Climadjust is a web based service which allows users such in a wide variety of sectors (agriculture, planning, infrastructure, etc) to use information from climate models with more specificity for local conditions (topography, land use, etc.) to more gather more accurate data to forecast the possible effects on a particular area as a result of climate change.

As part of the Climateurope webstival 2020, BellHouse has been playing some data from the Climadjust service to explore how this data sounds.

Juan Jose from Predicita sent me six sets of data to play and is for an area in or near Barcelona in Spain.
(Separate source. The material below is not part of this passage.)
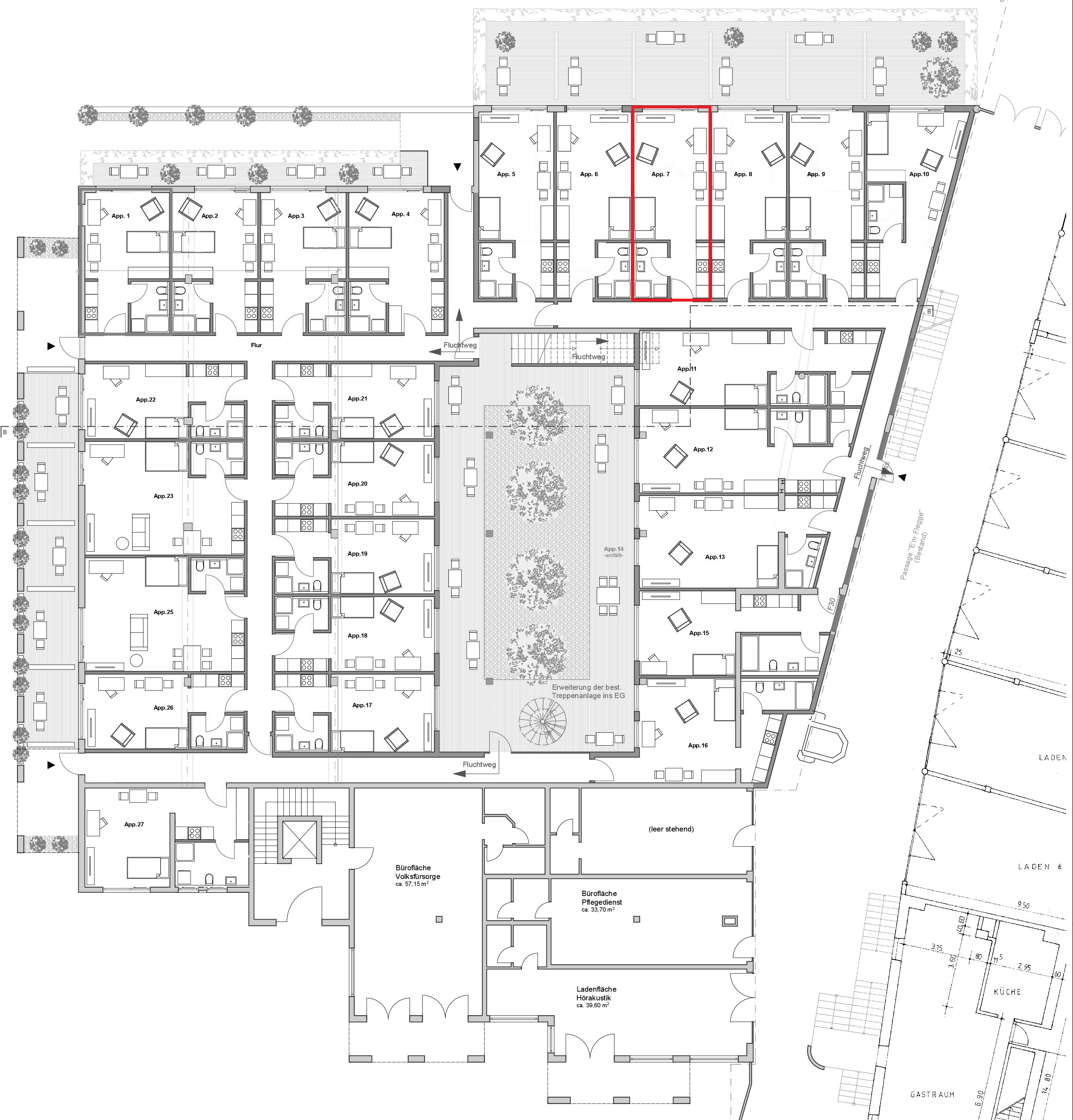 Apartments mit ca. 40 m²Finden und gestalten Sie Ihr individuelles Reich! Alle unsere Apartments sind Parterrewohnungen und barrierefrei gebaut. Durch die ebenerdige Lage können wir Ihnen die Möglichkeiten bieten über einen Außenbereich zu verfügen. Informationen zu den Appartements sowie deren Verfügbarkeit und Lage können Sie der untenstehenden Tabelle entnehmen. Sie haben ein Apartment gefunden, dass Ihnen gefällt? Wir freuen uns von Ihnen zu hören!

This data is presented in the form of a gif which shows 2 series of line graphs, which show temperature variations over time. The first; a blue field of lines, denotes data generated by a series of climate models (global in nature) with a thick blue line which denotes the average of these models. The space between the highest measurements and lowest is shaded in blue. The second field (grey) denotes the data when bias adjusted by the software.
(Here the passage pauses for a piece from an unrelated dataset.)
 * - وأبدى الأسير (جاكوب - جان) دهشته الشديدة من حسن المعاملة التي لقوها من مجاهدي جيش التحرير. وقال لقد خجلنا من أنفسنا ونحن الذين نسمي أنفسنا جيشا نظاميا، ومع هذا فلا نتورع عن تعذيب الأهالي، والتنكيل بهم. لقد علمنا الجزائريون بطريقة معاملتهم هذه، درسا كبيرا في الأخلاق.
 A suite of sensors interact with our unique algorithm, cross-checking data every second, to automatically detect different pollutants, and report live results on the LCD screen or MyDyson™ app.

The data looks at 2 areas? and explores the historical and predicted temperature over time with 2 different prediction data sets. In this post I will set out the recordings for each area.
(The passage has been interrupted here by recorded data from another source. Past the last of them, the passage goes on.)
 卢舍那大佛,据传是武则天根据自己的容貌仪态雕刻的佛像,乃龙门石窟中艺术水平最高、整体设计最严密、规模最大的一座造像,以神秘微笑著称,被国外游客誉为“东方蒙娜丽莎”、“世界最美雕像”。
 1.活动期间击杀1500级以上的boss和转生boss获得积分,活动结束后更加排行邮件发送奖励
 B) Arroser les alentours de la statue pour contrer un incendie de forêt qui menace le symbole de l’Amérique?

In the initial discussion about the data, held during the workshop in the 3rd Climateurope Webstival on the 15th October 2020. We played some of the initial sets, in which the transitions in the data are every 0.5 seconds. This means that BellHouse can only play 1 of every 4 transitions, or more accurately, it plays an aggregation of those four transitions as it records all the colour value change between one sampling interval and the next. I asked Juan Jose if it would be possible to re-issue the data with a change every 2 seconds so that BellHouse could play each change in the data. I have recorded all of the second submission of data and 2 of the first stage so the difference can be seen. These are for the first and 5th sets of data and these are ordered to be next to each other so that they can be heard together.

Data Set 1

BellHouse playing a double loop of a graph from the Climadjust software @Bias Adjustment for tamsin historical GSOD (Annual Mean). Sampling interval 2. Sampling threshold 2. In this animation the transitions are at 2 seconds.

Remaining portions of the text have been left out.